STEVEN L. PRINCE. Mr. Prince will be our Vice President and a member of our
Board of Directors effective as of the conclusion of the 10-day Period. Mr.
Prince is a petroleum engineer with over 13 years of operating experience in
conventional oil and gas drilling and in coal bed methane drilling and field
development. From 2003 to the present, Mr. Price has been a Senior Petroleum
Engineer for the Navajo Indian Nation. From 2001 to 2003, Mr. Price was an
Operations Manager with CBM Production Consultants. From 1997 to 2002, he served
as Executive Director of the Castle Valley Gas Producers Council, a gas industry
trade association. Previous positions also include Drilling Engineer with Shell
Western Exploration & Production; Operations Manager and Engineering Manager
with River Gas Corporation in which he played a significant role in developing
the Drunkard's Wash Field, one of the most successful coal bed methane fields in
the United States, located in Central Utah. Mr. Prince is a member of the
Society of Petroleum Engineers and the Rocky Mountain Association of Geologists.
Mr. Prince received his B.S. in Petroleum Engineering from Montana College of
Mining, Science and Technology in 1987. Mr. Prince is not an officer or director
or director of any other reporting company.

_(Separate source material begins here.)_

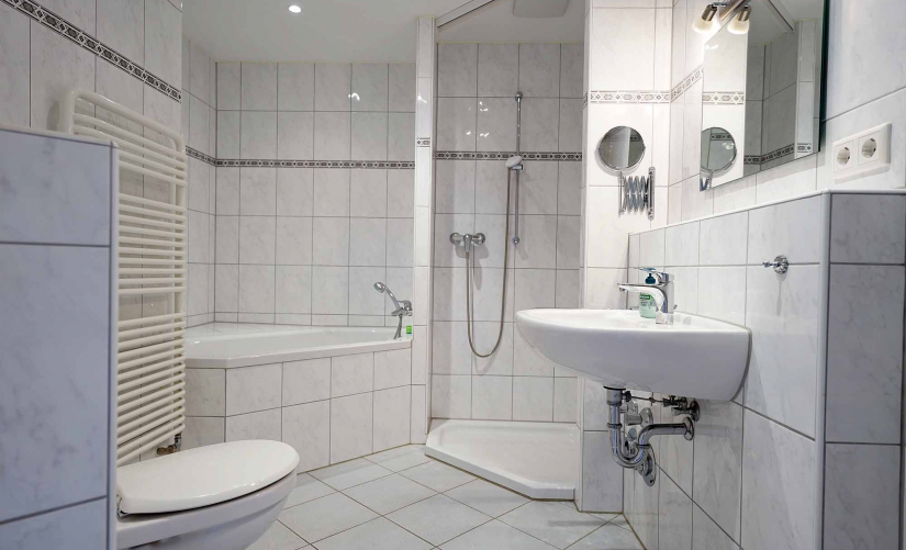 - Zeitloses Badezimmer mit Dusche und Badewanne

There is no family relationship between any of our officers or directors. There
are no orders, judgments, or decrees of any governmental agency or
administrator, or of any court of competent jurisdiction, revoking or suspending
for cause any license, permit or other authority to engage in the securities
business or in the sale of a particular security or temporarily or permanently
restraining any of our officers or directors from engaging in or continuing any
conduct, practice or employment in connection with the purchase or sale of
securities, or convicting such person of any felony or misdemeanor involving a
security, or any aspect of the securities business or of theft or of any felony.
Nor are any of the officers or directors of any corporation or entity affiliated
with us so enjoined.



COMMITTEES

The Company does not have any standing audit, nominating, or compensation
committees of the Board, or committees performing similar functions. Meetings of
the Board of Directors The Board did not hold any meetings during the fiscal
year ended December 31, 2002 or through the current date. However, during such
year, the Board of Directors took action by Unanimous Written Consent on four
separate occasions.

SECTION 16(A) BENEFICIAL OWNERSHIP REPORTING COMPLIANCE

Section 16(a) of the Exchange Act requires the Company's officers, directors,
and persons who beneficially own more than 10% of the Common Stock to file
reports of ownership and changes in ownership with the Commission. These
reporting persons also are required to furnish the Company with copies of all
Section 16(a) forms they file. Based solely on the Company's review of these
reports or written representations from certain reporting persons, the Company
believes that during the fiscal year ended December 31, 2002, and during the
current fiscal year, all filing requirements applicable to the Company's
officers, directors, greater-than-ten-percent beneficial owners and other
persons subject to Section 16(a) of the Exchange Act were met.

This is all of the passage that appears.